How do we locate the rational fraction one-half in the middle of the diameter – the point that splits the diameter into two equal radii of debit and credit – when the diameter extends to two points on the circumference whose ratio to the diameter is irrational?

A paradox exists in this difference. We imagine a middle that should rationally exist as the fraction of one-half of the diameter of the circle, but the circumference gives us no rational measure to define the fraction of one-half at any point on the diameter. The irrational fraction of circumference to diameter gives us only continued fractions, to infinity.

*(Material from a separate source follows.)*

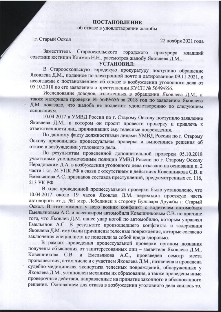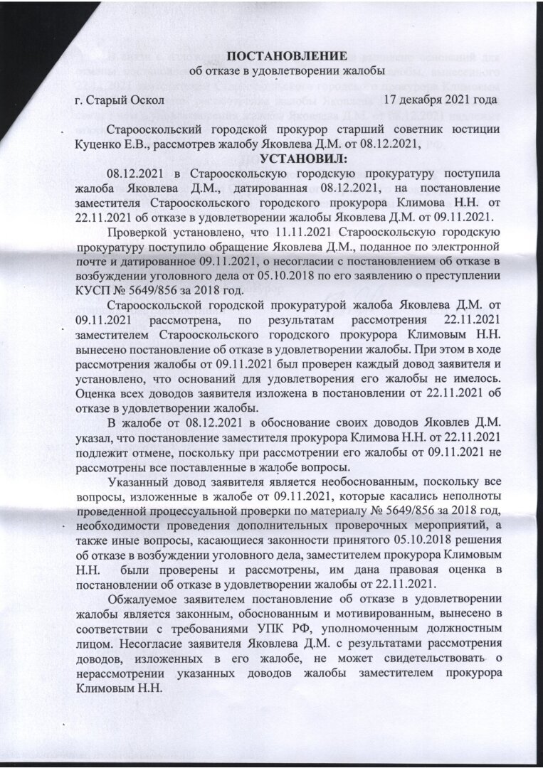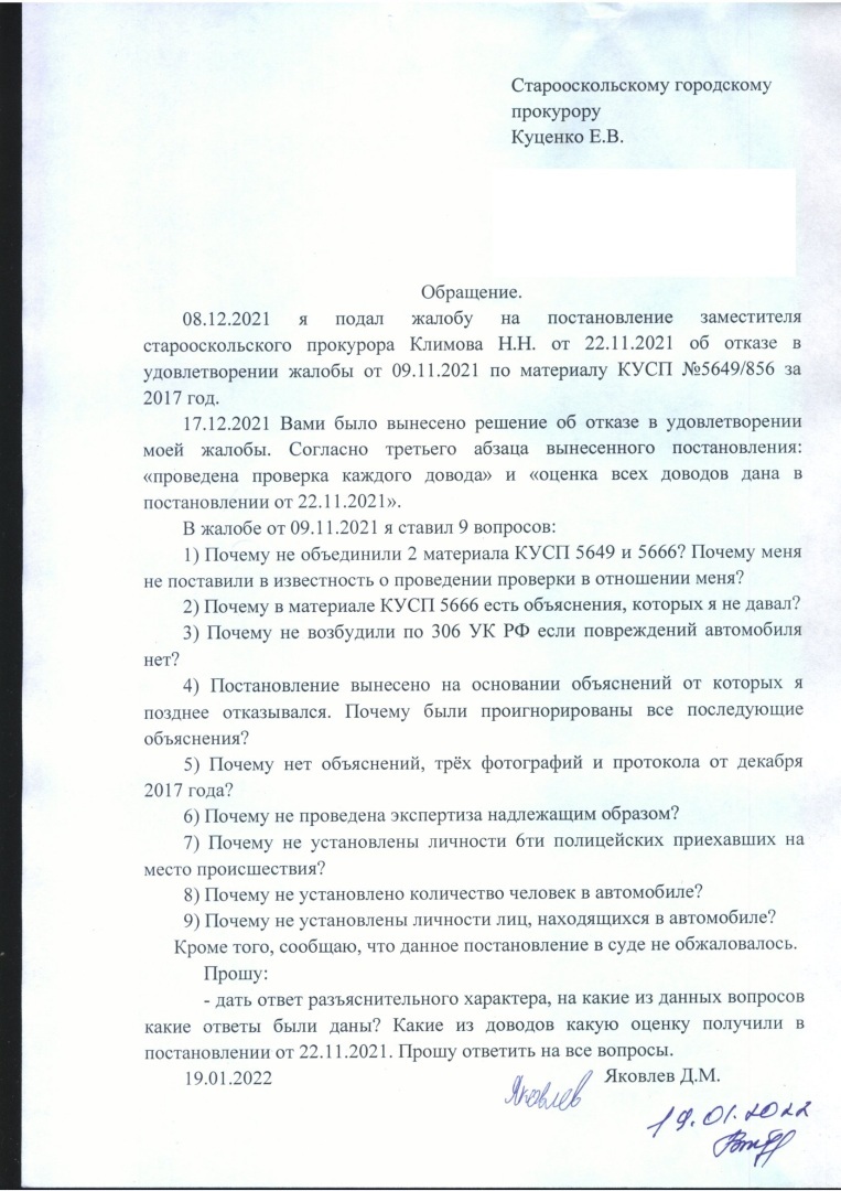 2) В материале 5666 есть объяснения, на основании которых вынесено постановление об отказе ВУД. Эти объяснения приписаны мне. С первого же дня как я обнаружил эти объясениня, в Старооскольском суде, я заявлял, что это не моя подпись и объяснения вижу впервые. Экспертиза не подтвердила принадлежность подписи. Считаю это основанием для отмены постановления вынесенного на основании объяснений где мою подпись подделали.

Can the “middle” of a circle actually exist as a point of no difference, or is this even mathematically, geometrically, and philosophically knowable? The question is central to quantum accounting and our ability to maintain the balance of debit and credit in equal and opposite measure.

To define the middle, which is the position of 0 in the quantum account, we will need to define – simultaneously – the extent of one-half that forms the radius of the qubit sphere.

“Defining” the middle will be the subject of next instalment of this series, and in the spherical qubit the task will require geometry. The task will not be algebraic, because π is transcendental and therefore defies equations involving addition, multiplication, powers, and integers. Locating 0 and one-half – which are the two key values in quantum accounting – at the same time with no difference in the qubit will be the subject of the next part of our “Two Key Values” series.